Why does the clinic need this?

• Neuropsychiatry: ketamine-like molecules are effective but noisy in side effects. Targeting mPFC/other regions would theoretically produce effects with less dissociation/sedation/sympathomimetic effects.
• Pain relief and regional anesthesia: sono-controlled nerve block is "high on action, low on systemic", promising less cardio- and CNS toxicity.
• A platform, not a one-off: the approach is transferable to other liposomes/polymeric “liquid-nuclear” carriers and, potentially, to a variety of drugs.

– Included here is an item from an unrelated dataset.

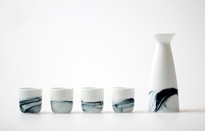 一般這些陶瓷品牌總少不了茶具套裝,而山水間的水墨酒套裝使整個品牌更加出色。這款茶具的特點就是外面潑墨似的上釉。一套放在一起像一幅山水畫,滿是禪意,用它品酒才是真享受。

What about safety and pharmacokinetics?

• In rats, the histology of the brain/end tissues was without damage; in experiments with “bad” parameters, there were microhemorrhages, but not in working modes.
• In blood, more metabolites and less unmetabolized drug were observed in parenchymal organs with AAL, consistent with uptake/metabolism of particles by the liver at baseline and release to targets during sonication.

Where is the "spoon of skepticism" here?

• This is a preclinical study in rodents; liver uptake kinetics and baseline 'leakage' without ultrasound require optimization.
• Moving to humans will simplify the metabolic details (lower hepatic blood flow), but safety/dosimetry confirmation is mandatory.
• The selection of ultrasonic modes and excipients (which shift the acoustics more strongly, but do not destroy stability) is the task of the next series of works.

Conclusion

The "sugar filling" of liposomes turns ultrasound into an "ON" button for drugs, rather than a crude "sledgehammer." As a result, the drug can be turned on locally - in millimeter zones of the brain or along a nerve - and turned off in the rest of the body. This is not magic, but acoustic and osmotic engineering - and, judging by the results, very close to becoming a routine tool of targeted pharmacology.

Source: Mahaveer P. Purohit, Brenda J. Yu, Raag D. Airan, et al. Acoustically activatable liposomes as a translational nanotechnology for site-targeted drug delivery and noninvasive neuromodulation. Nature Nanotechnology (published 18 August 2025, open access). DOI: 10.1038/s41565-025-01990-5.